Noc w Bibliotece Pedagogicznej
Biblioteka Pedagogiczna po raz siódmy przyłączyła się do gorzowskiego Nocnego Szlaku Kulturalnego. W sobotę, 12 września 2020 odwiedziło ją ponad 100 wędrowców. Najmłodsi mieli pięć lat, najstarsi, dużo, dużo więcej…
Na mapie Nocnego Szlaku Kulturalnego w Gorzowie znalazły się 34 przystanki. Po całym mieście krążyli wędrowcy w maseczkach, poszukujący kulturalnych wrażeń. Pierwsze wernisaże, koncerty, konkursy rozpoczęły się w godzinach popołudniowych, a ostatnie nad ranem.
Biblioteka Pedagogiczna przygotowała w tym roku aż pięć wystaw. Dwie z nich należały do gorzowskiej grupy fotograficznej „fCzasowicze”. Pierwsza, zatytułowana „Inna strona okładki”, pokazywała indywidualne interpretacje zdjęć z okładek starych płyt analogowych.
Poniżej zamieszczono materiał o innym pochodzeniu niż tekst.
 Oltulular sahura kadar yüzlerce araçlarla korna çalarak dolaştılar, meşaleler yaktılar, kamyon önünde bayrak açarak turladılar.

Można było na przykład zobaczyć Jerzego Połomskiego noszącego współczesne, sportowe buty.
W tej samej sali pokazano indywidualną wystawę Moniki Kleist, jednej z „fCzasowiczek”. W poprzednich latach autorka prezentowała w Bibliotece Pedagogicznej fotografie z dalekich podróży, tym razem (ze względu na pandemię) przedstawiła projekt „Ona”, dokumentujący życie codzienne swojej 10-letniej córki Natalii.
Wybuchowa gra
Kolejna wystawa „Na planszy, pomiędzy kartami, wśród pionków, figurek , a także z kostkami”, przygotowana przez Elizę Paternowską z Biblioteki Pedagogicznej, udowodniła jak niezwykły i wciągający jest świat gier planszowych. Dzieci najchętniej bawiły się „bombą” z wybuchowej gry słownej „Tik Tak Buum Junior”. Każdy uczestnik musiał odpowiedzieć na pytanie trzymając w rękach „tykającą bombę”, odmierzającą czas.
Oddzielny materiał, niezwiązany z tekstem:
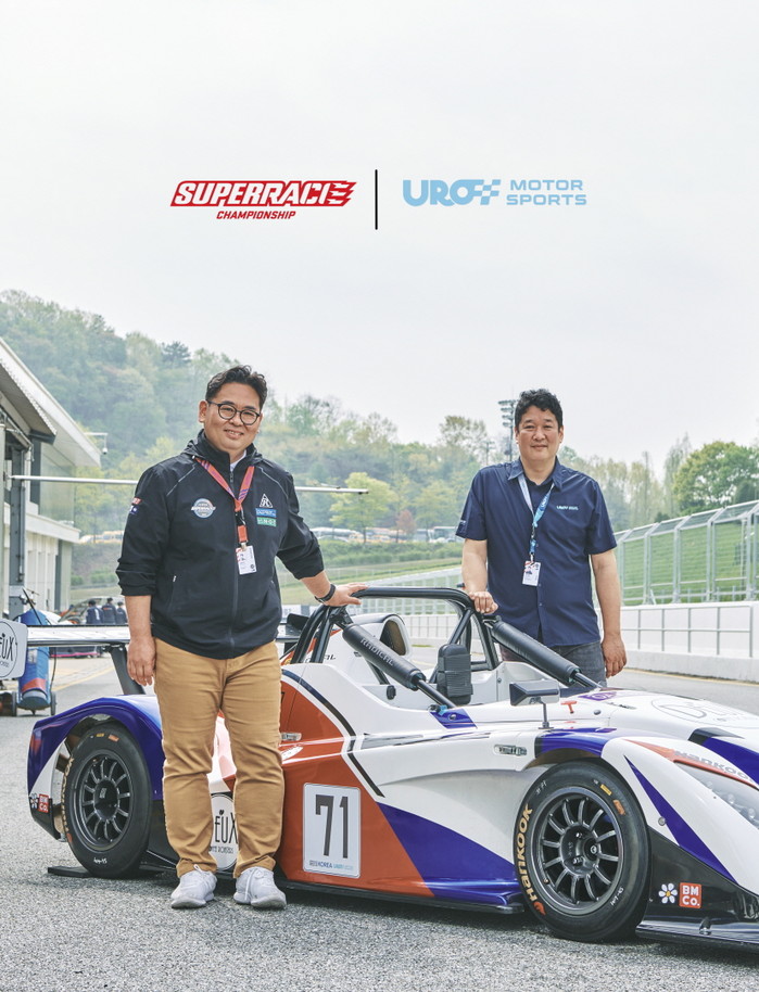[사진설명] 23일 용인시 에버랜드 스피드웨이에서 협약을 맺은 슈퍼레이스 김동빈 대표와 유로모터스포츠 김진태 대표.

Nieco starsi widzowie najdłużej zatrzymywali się przy edukacyjnych puzzlach z serii „T”, które mimo, że składały się zaledwie z czterech, drewnianych elementów, okazały się bardzo trudne do ułożenia.
Monika Żołędziejewska z Biblioteki Pedagogicznej zaprezentowała wystawę przepięknych książek obrazkowych, ilustrowanych między innymi przez tak wybitne artystki jak Joanna Chmielewska i Joanna Concejo. Pokazała też zabawne bestsellerowe komiksy dla dzieci m.in. z cyklu „Chrupek i Miętus”.
Zawsze na szlaku
Ostatnia wystawa, przygotowana przez Maję Wilczewską, była poświęcona teatrzykowi Kamishibai. Można było zobaczyć drewniane skrzynki butai przeznaczone do prezentacji bajek oraz pięknie ilustrowane, narracyjne karty.
Nocny Szlak Kulturalny ma swoich wiernych uczestników. Co roku wszystkie „przystanki” odwiedza gorzowianka Halina Elżbieta Daszkiewicz. – Jestem bardzo szczęśliwa, że mimo tej pandemii, szlak się odbywa – zapewniała w sobotni wieczór. – Chodzę kilka godzin po mieście, nogi trochę bolą, ale nie odpuszczę żadnego punktu z programu, bo chcę wiedzieć co się dzieje. Być może potem opiszę to w książce…
Bowiem Halina Elżbieta Daszkiewicz jest autorką kilku książek o Matyldzie i jej przyjaciółce Magdzie, w których opowiada o mieszkańcach Gorzowa i gorzowskich ulicach. – O pisaniu książek myślałam od dawna, ale nigdy nie miałam na to czasu – opowiada. – Pracowałam w biurze, potem handlowałam. I dopiero po sześćdziesiątce zaczęłam spełniać swoje marzenia. Moja pierwsza książka „Matylda czyli Pora na życie” ukazała się trzy lata temu. Od tego czasu ciągle piszę. I udowadniam, że w każdym wieku można zacząć spełniać swoje marzenia…
Koordynatorką Nocnego Szlaku Kulturalnego w Bibliotece Pedagogicznej była Monika Markowska.